Завтракали мы там же, на свежем воздухе, у телеги, полной степных цветов. Мама захватила все необходимое, до самовара. Потом, уже к обеду, мы вернулись, и на этот раз, вместо обеда, пили чай с пирожками и жареной рыбой, приготовленной накануне. Все были рады и довольны. Мама тоже, потому что занятие кухней утомительно. Папа шутил, что обед всухомятку еще лучше. Ну а мы, дети, и подавно веселились. После обеда сейчас же начали разборку цветов, сортировку по цвету, листву отдельно от цветов, а корешки — в корзину для посадки. И вот, когда отец отобрал одних цветов огромное решето, раздались тяжелые шаги, и вошла Прабка Варвара. Она прямо к решету и направилась, забрала его и, не сказав ни слова, понесла на кухню. “Хорошее варенье будет!” — сказала уже с порога. Отец обескураженно посмотрел ей вослед. Мама расхохоталась: “А ты говоришь, я тебе мешаю в твоих делах! — сказала она. — А Прабке ни слова не говоришь”. — “Ничего… Ничего… — потеряно возразил тот. — Она же у нас царица древняя!.. Что хочет, то и делает”. — “Ну, а как же теперь будем?” — “Да… поедем еще и завтра, — махнул рукой папа. — Не отнимать же у Прабки”. Он все вздыхал. Между тем, мама время от времени смеялась. Нам детям было в диковину, и мы не понимали, отчего она смеется. Только позже узнали: он сам был такой, брал из рук у кого угодно работу и пускал ее в дело, какое сам придумал, а тут — нашла коса на камень. Прабка, еще деда вынянчившая, а не только отца, пользовалась совершенным преклонением всех. У нее на первом месте были дети, потом наша мама, к которой Прабка относилась нежно, а отец должен был выслушивать: “Ну, Петя, как тебе не стыдно? Ты не знаешь, что перед тем, как в дрожди хмель класть, надо сказать — “сладко подходи, броди, не переброди, не то — огонку скажу!” Отец, с высшим образованием, да еще священник, должен был молчать! А иной раз Прабке не понравится, она и скажет: “А ты, Петя, ступай в сад, походи!” — и отец покорно шел.

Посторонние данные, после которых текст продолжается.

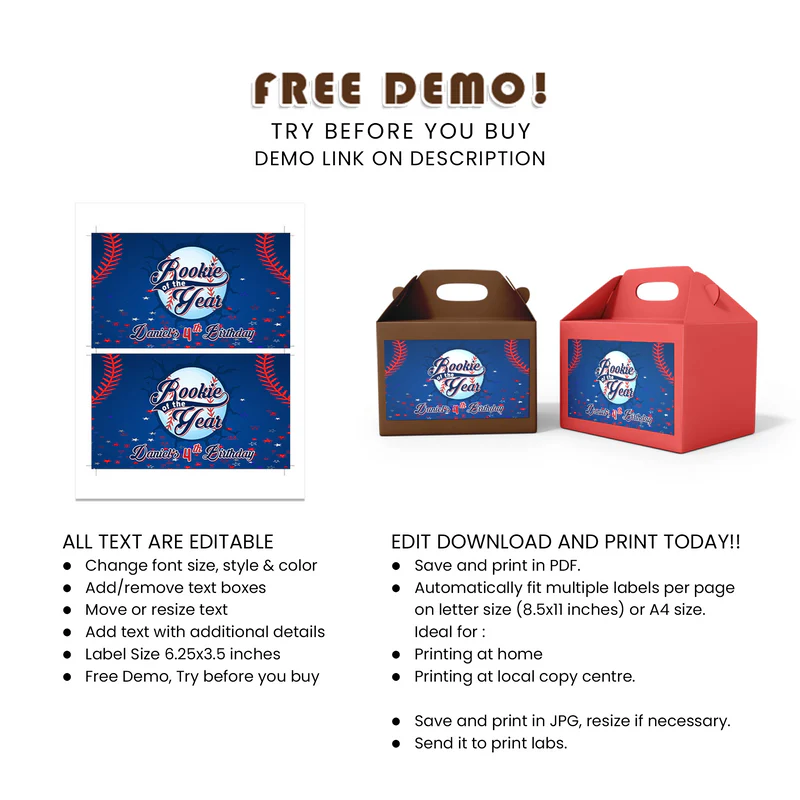 Rookie of the Year Treat Box Label | Printable Gable Box Tag | Editable File
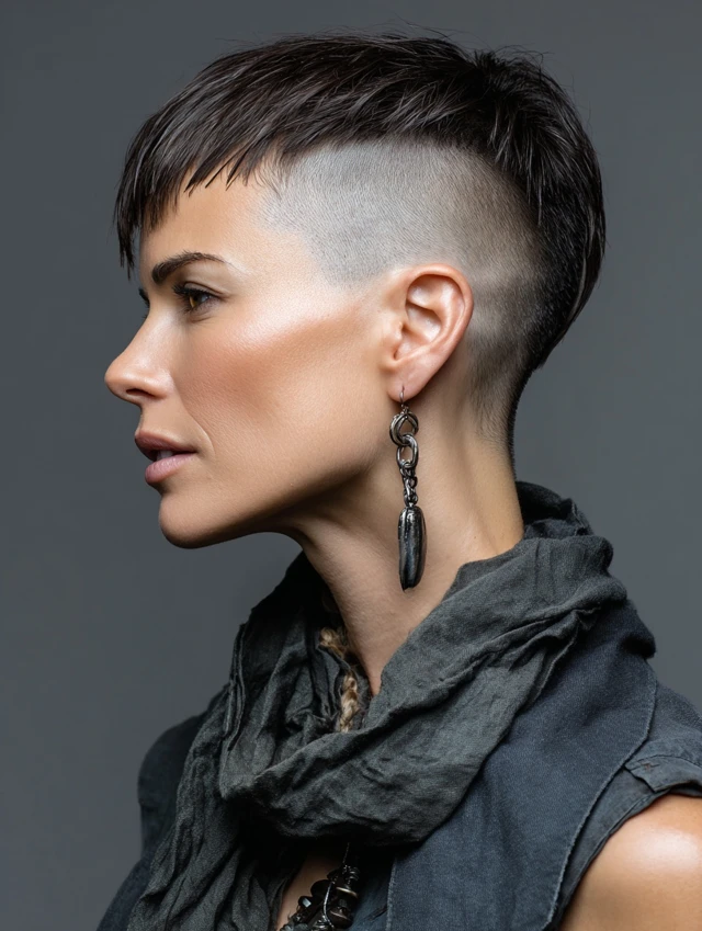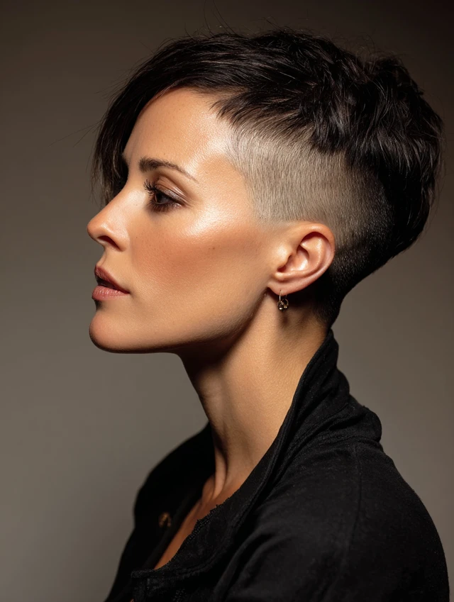 A shaved side pixie combines boldness with modernity. One side is shaved or undercut, while the top retains length for versatility.
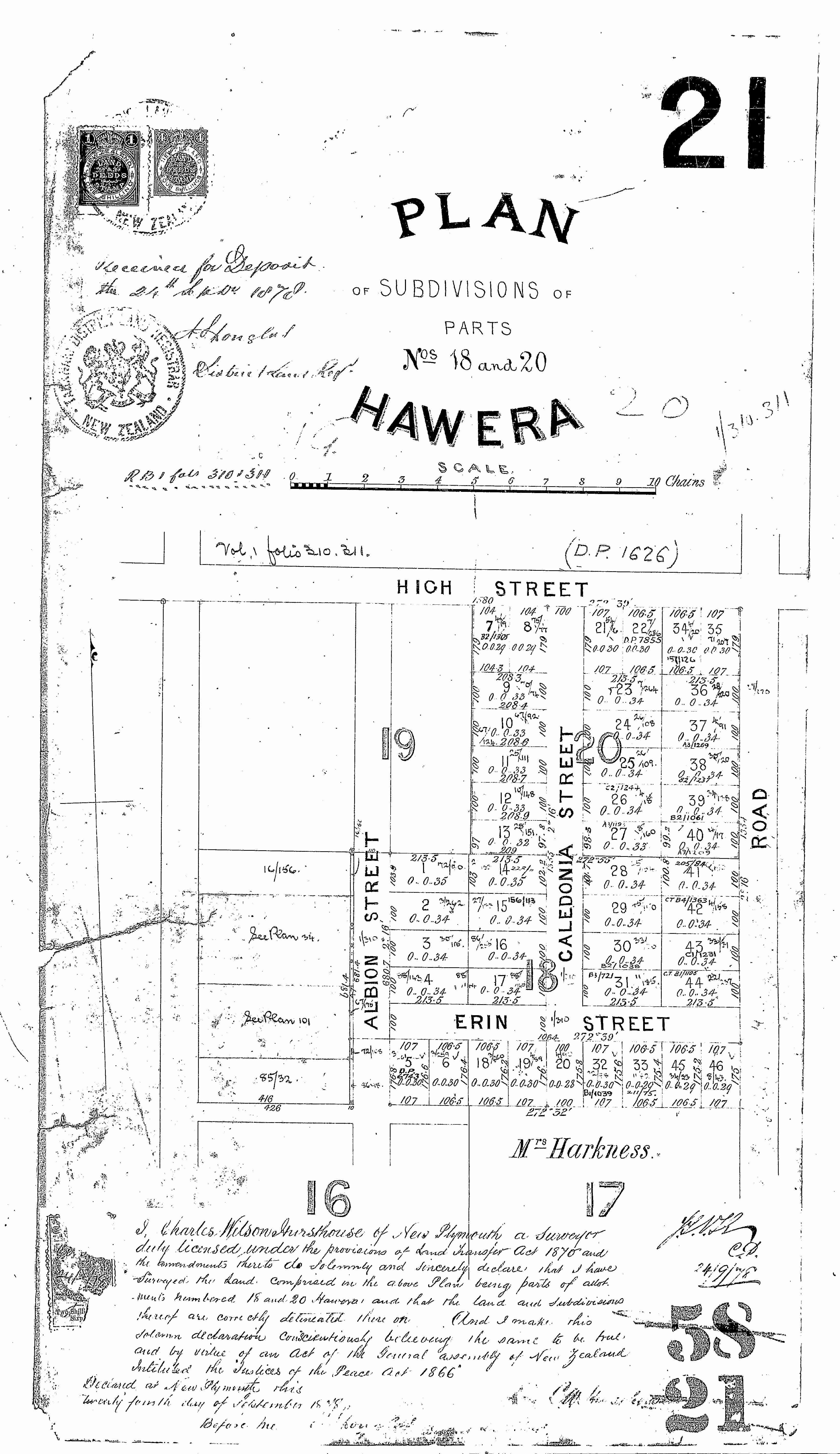 Taranaki (Lot 21) DP21 Sheet 1 (1878), ICS Pre 300,000 Cadastral Plan Index (Imaged by LINZ)
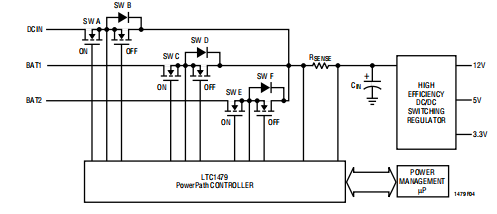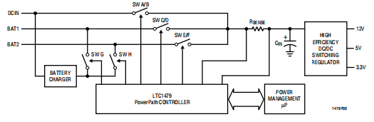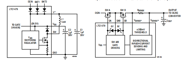 LTC1479负责在电源管理系统的“前端”在哪里两个电池组和一个直流电源不加区分地连接和断开。平滑完成输入电源之间的切换在低损耗N通道开关的帮助下限制浪涌电流的特殊门驱动电路电池组和系统电源的进出提供电容器。
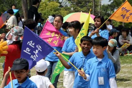이주민 자녀와 함께 하는 무지개축제가 열린 서울숲공원에서 참가 어린이들이 유엔 아동권리협약을 담은 깃발을 흔들며 풍물패와 길놀이를 벌이고 있다. 이정아 기자 leej@hani.co.kr
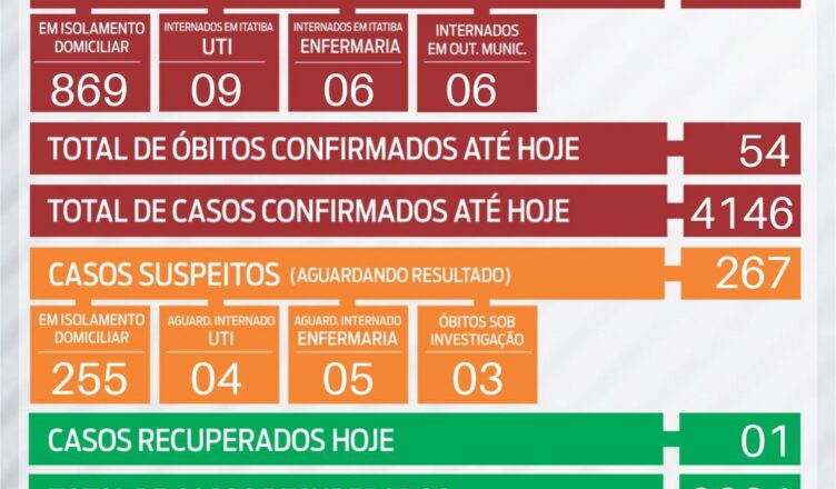 Os números da Covid-19 em Itatiba se mantiveram estáveis nas últimas 24 horas. A única alteração em relação ao dia anterior é a saída de um cidadão da quarentena, considerado recuperado.
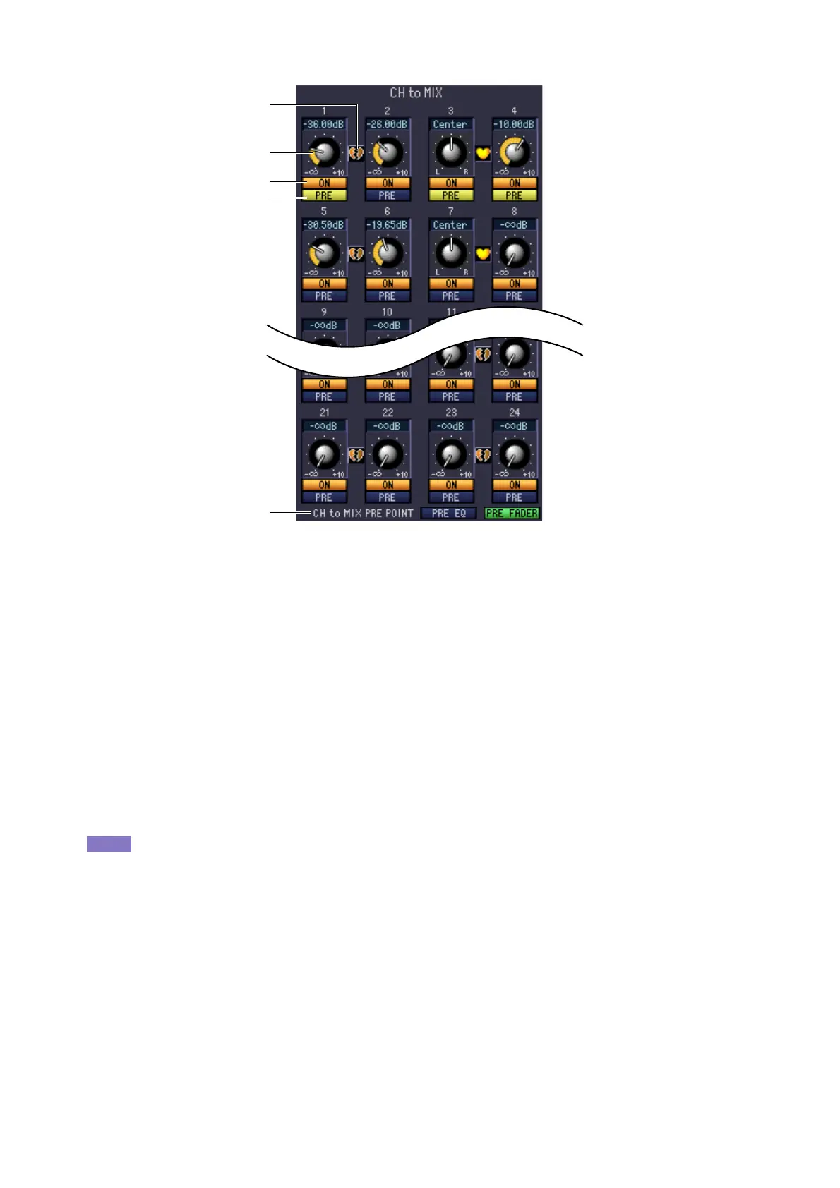 This selects PRE or POST as the point from which the signal is sent from the input channel to the MIX bus.
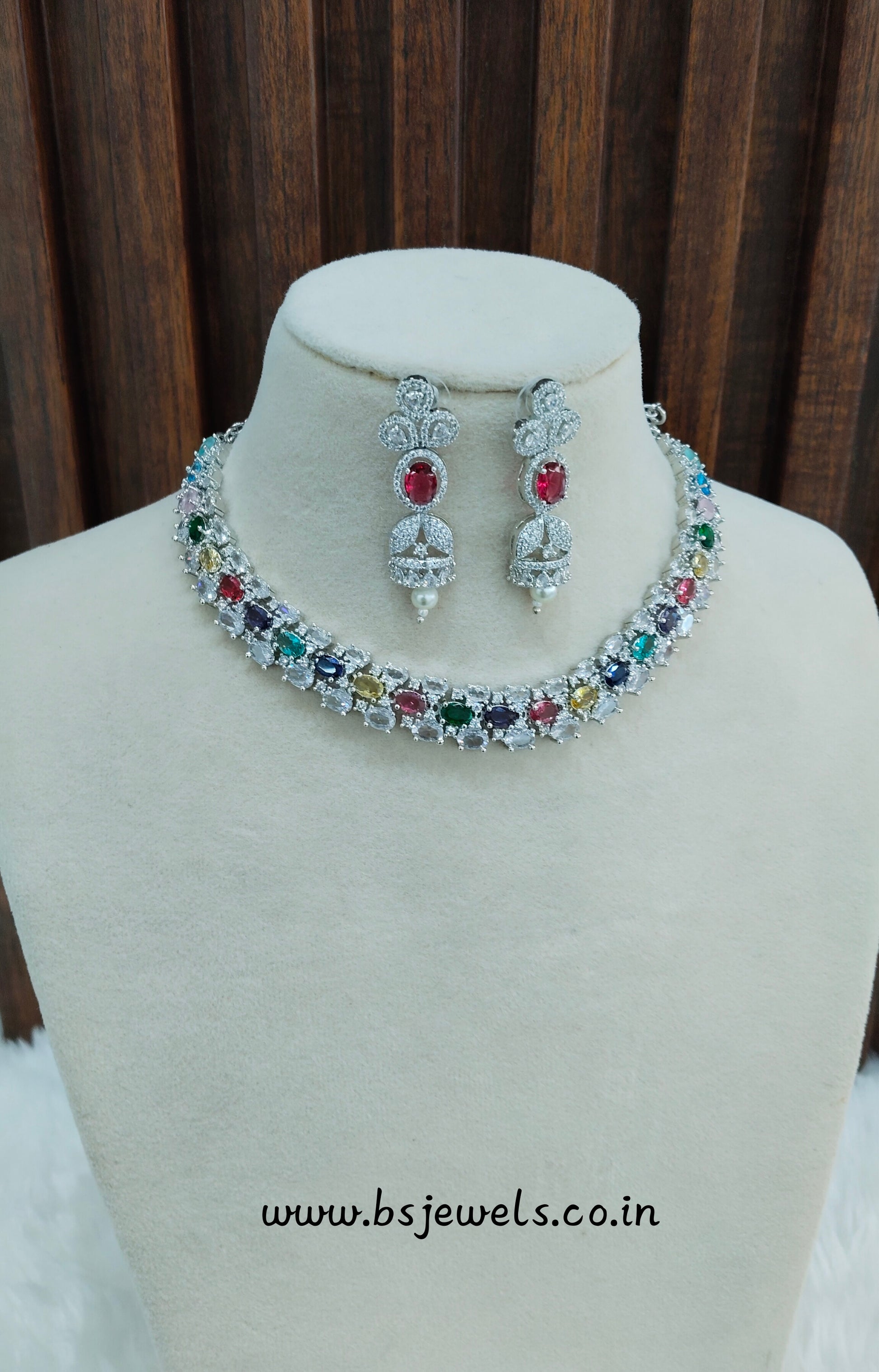 Multi Color Silver CZ Necklace Jewellery Honda Set
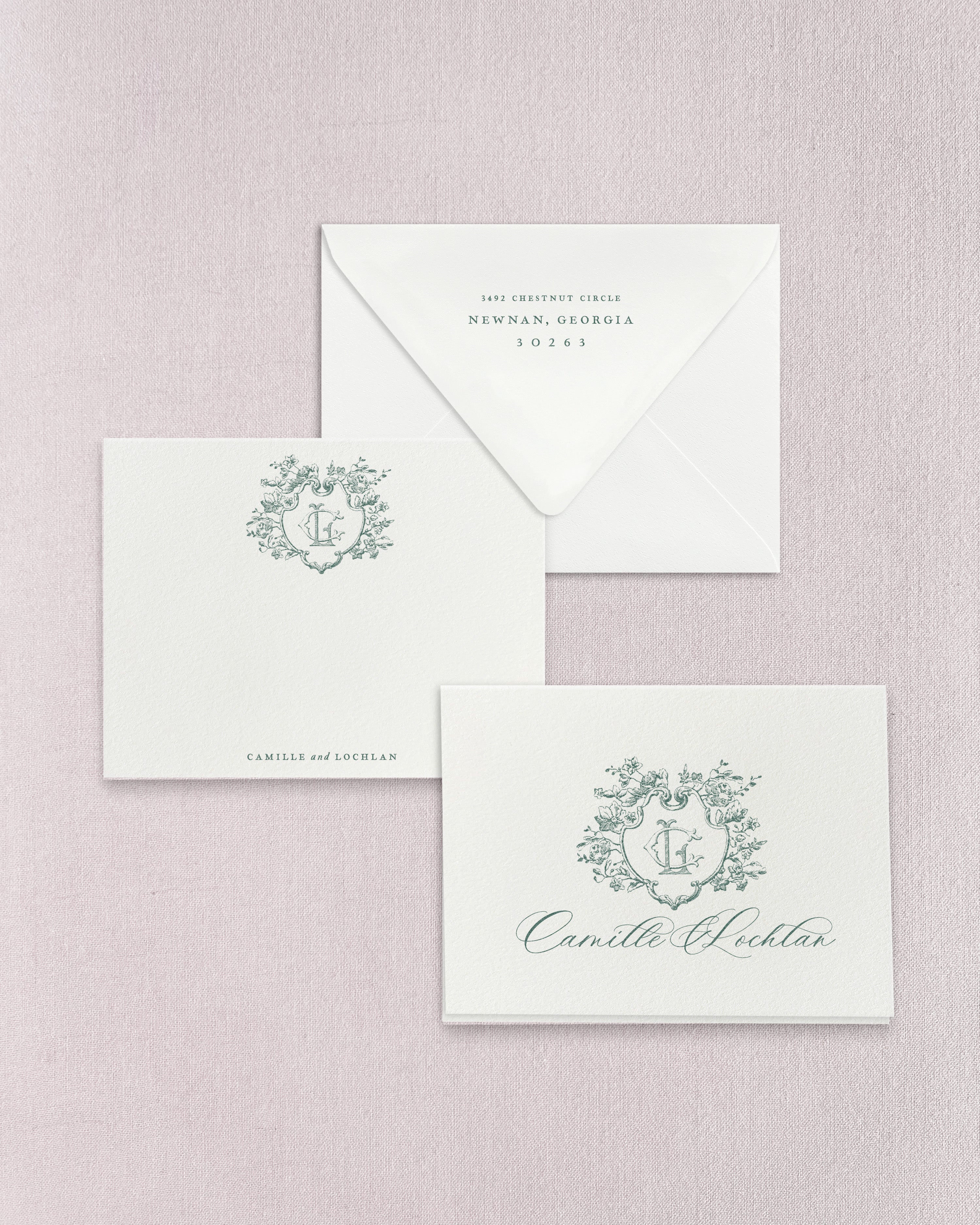 Begin post-wedding life right with beautiful notes from the Newlyweds. The Camille Thank You Cards are even perfect before the wedding, as well as any special occasion. These elegant notes are customized with your selection of ink and paper color, printing method, and design details for an elevated touch of sophistication in your correspondence. Say thank you in style in just a few quick steps!

Крепчайшего нрава была Прабка. Другому мужику брякнет: “Ты чего людей дурить пришел? Не видишь, что мой Петя, иерей Божий, всем верит?” — и тот сейчас же брал шапку в охапку, и уходил. Прабка у нас была родовым началом, и никто ей не возражал, когда она домовому “страву” в предбанник несла, а на Рождестве и Роду-Рожаницу, а в мае вела меня на берег реки — “тридевяти Сестреницам” показывать, чтоб те Русалки мне зла не сделали. У Прабки были всякие диковинные вещи, которыми она, по старому благочестию, орудовала: огарок Благовещенской свечки, сухая лилия с Ивана Купала, ладан Херувимский, святой олей из лампадки, которым она мои порезы мазала, и мало ли чего еще не было в ее Бабушкином Сундуке! Туда мы, дети, и не заглядывали, ибо там были святые вещи. Страшно коснуться! Теперь твердо знаю: в этом Сундуке сама Русь древняя была! Где ж ее и найдешь, если не у Прабки, да такой, как наша? Помню, был болен какой-то детской болезнью, все время Прабку возле себя видел и, когда раскрыл глаза, вижу, она матери миску с водой дает, и говорит: “Вот собрала в эту миску его болезнь, пойди в сад, и перекрестясь, вылей! Теперь Юра будет здоров”. Она это так твердо, уверенно сказала, что я обрадовался, и с того дня стал выздоравливать. И лечила она еще меня — просфоркой “от Агнца”, со святой водой, ладаном курила, малиной поила, розовым вареньем кормила, или жасминным, бузиновым, липовым. Она нас и эти варенья научила делать: сироп из лимона, а в него — тертые, свежие цветы, и сразу же закрыть пергаментом. Терли цветы между двумя кусками льда. Удивительнейшие варенья были! Кому ни дадим попробовать, все восторгались. Вот, из черной смородины, малины, клубники или шиповника: пропустят через машинку фрукты, прибавят вдвое по весу сахара, ложку глицерина и — в банки, завяжут пергаментом, да на лед. Стоит там до поздней осени, а потом принесут, раскроют, особенно, если кто болен, прямо — июль месяц в доме! Пахнет варенье, точно свежие фрукты принесли.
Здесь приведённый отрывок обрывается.